Overview:
We are seeking a highly skilled and experienced Senior Data Engineer to join our team. The ideal candidate will possess a strong background in data architecture, management, and integration, particularly within the energy commodities or financial services sectors. This role will involve designing robust data solutions, ensuring data quality, and implementing ETL processes to support our business objectives.
Key Responsibilities:
* Data Architecture Development: Design, implement, and maintain scalable and reliable data architecture frameworks that support the organization's strategic goals and objectives.
* ETL/ELT Design and Implementation: Architect and develop ETL and ELT processes utilizing SnapLogic and other integration tools to extract, transform, and load data from various sources into centralized data stores.
* Data Modeling: Collaborate with business stakeholders to create comprehensive data models, optimizing logical and physical data design and ensuring alignment with business requirements.
* Data Management and Governance: Establish and enforce data management best practices, including data governance frameworks to ensure data accuracy, consistency, and availability across the organization.
* Quality Assurance: Conduct comprehensive data quality assessments and audits, identifying and resolving data issues to maintain high standards of data integrity.

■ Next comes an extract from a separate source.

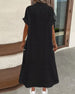 SPECIFIKATIONER Stil: Afslappet Materiale: Bomuldsblanding Kjoletype: A-linje Kjolelængde: Midi Halsudskæring: Revers Mønstertype: Ensfarvet Ærmetype: Almindeligt ærme Ærmelængde: Kortærmet Detaljer: Knapper Pasform: Løs Sæson/årstid: Forår,Sommer Lejlighed: Daglig Pakken inkluderer: 1 x Kjole STØRRELSESTABEL (cm) Størrelse Buste Længde ...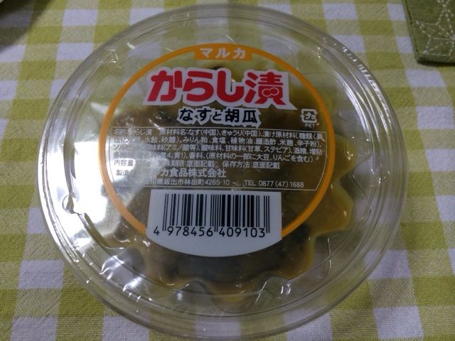 からしがまろやかで甘め、ナスの主張が少なく、きゅうりの歯ごたえが素晴らしい。

* Data Integration: Facilitate seamless data integration across various systems and platforms by developing and maintaining data ingestion pipelines that support real-time and batch processing.
* Collaboration with Teams: Work closely with data scientists, business analysts, and software engineers to understand data needs and provide suitable data solutions and architecture for analytics and reporting.
* Cloud Database Management: Manage relational and non-relational databases using Snowflake and Oracle, including performance tuning, optimization, and effective indexing strategies.
* Data Analysis and Visualization: Utilize Python and business intelligence tools (Power BI, Tableau) to analyze complex datasets and create meaningful visualizations and reports that facilitate data-driven decision-making.
* Machine Learning Implementation: Collaborate with machine learning practitioners to implement machine learning solutions, ensuring the proper infrastructure and data pipelines are in place to support model development and deployment.
* Training and Knowledge Transfer: Mentor and train junior staff, providing knowledge transfer on data architecture and engineering best practices, tools, and technologies.
* Vendor Management: Evaluate, select, and manage relationships with vendors and technology partners to integrate new data tools and solutions, staying abreast of vendor trends that impact data strategies.
* Research and Innovation: Stay current with emerging trends, technologies, and best practices in data architecture, big data analytics, and AI/ML, recommending innovative solutions that enhance the organization's data capabilities.
Relevant Skills and Qualifications:
* Bachelor's degree in Computer Science, Information Technology, Data Science, or a related field; Master's degree preferred.
* Proven experience in data architecture, data engineering, or a related field.
* Proficiency in SQL, T-SQL, and data modeling techniques.
* Experience with ETL/ELT tools, specifically SnapLogic.
* Familiarity with cloud data warehousing solutions, particularly Snowflake or Oracle.
* Strong programming skills in Python, with experience in data libraries such as Pandas and NumPy.
* Familiarity with modern data integration and data pipeline architectures.
* Knowledge of machine learning and artificial intelligence concepts and tools.
* Experience using BI tools (Power BI, Tableau) for data visualization and reporting.
* Excellent analytical skills with a focus on data quality and management.
* Strong communication and interpersonal skills, with experience in vendor management.